The agency was proposed by Sen. Elizabeth Warren, D-Mass., when she was a Harvard professor, to serve as an advocate for consumers in their dealings with financial institutions. Cordray, who was working at the bureau as its enforcement chief, was made its first director in 2012 in a recess appointment by Obama, which heightened the partisan rancor over the regulatory crackdown on Wall Street.

Financial executives and lobbyists describe Cordray as intelligent, pleasant and accessible, willing to meet with industry constituents and hear out their lobbyists. But they also consider him “doggedly ideological” — in the words of Richard Hunt, chief executive of the Consumer Bankers Association, a banking trade group — leader of an agency that is structured like “a dictatorship.”

“Richard Cordray has gone above and beyond to take CEOs to task on things that he had no jurisdiction over,” Hunt said.

The bureau has curtailed abusive debt-collection practices, reformed mortgage lending, publicized and investigated hundreds of thousands of complaints from aggrieved customers of financial institutions, and extracted nearly $12 billion for 29 million consumers in refunds and canceled debts.

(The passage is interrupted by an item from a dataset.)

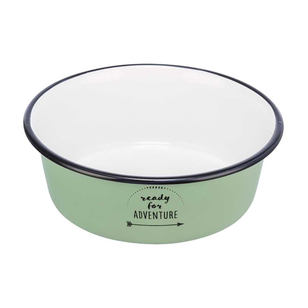 En moderne skål i emalje og rustfrit stål, der kombinerer holdbarhed med design. Udstyret med skridsikre silikoneprikker, der giver stabilitet og forhindrer skålen i at glide under måltidet.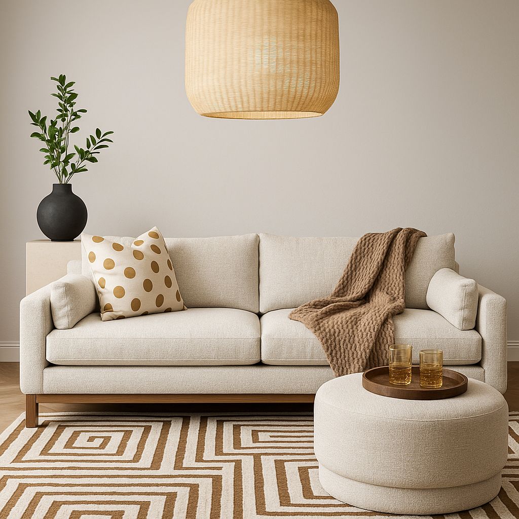 Airy lightness grounded by warm wood. Upholstered in a crisp, natural linen fabric, this sofa has gently sloped arms and loose back cushions. The exposed wood base adds a refined, organic touch, perfect for bright, open spaces.

This week, it began mailing refund checks totaling $115 million to 60,000 people who had paid illegal fees to Morgan Drexen, a debt-settlement company that collapsed two years ago.

The agency has also rolled out the arbitration rule, and it has been putting the finishing touches on a rule that could reshape the multibillion-dollar payday lending industry.

Lobbyists are feeling empowered by the change in administrations. Working on behalf of payday lenders, they have flooded the consumer agency with comments, more than 1 million in all, urging it to halt a proposed crackdown on the industry.

The new rules would mark the first time that the lucrative market — the payday industry collects $7 billion annually in fees — was directly regulated by the federal government.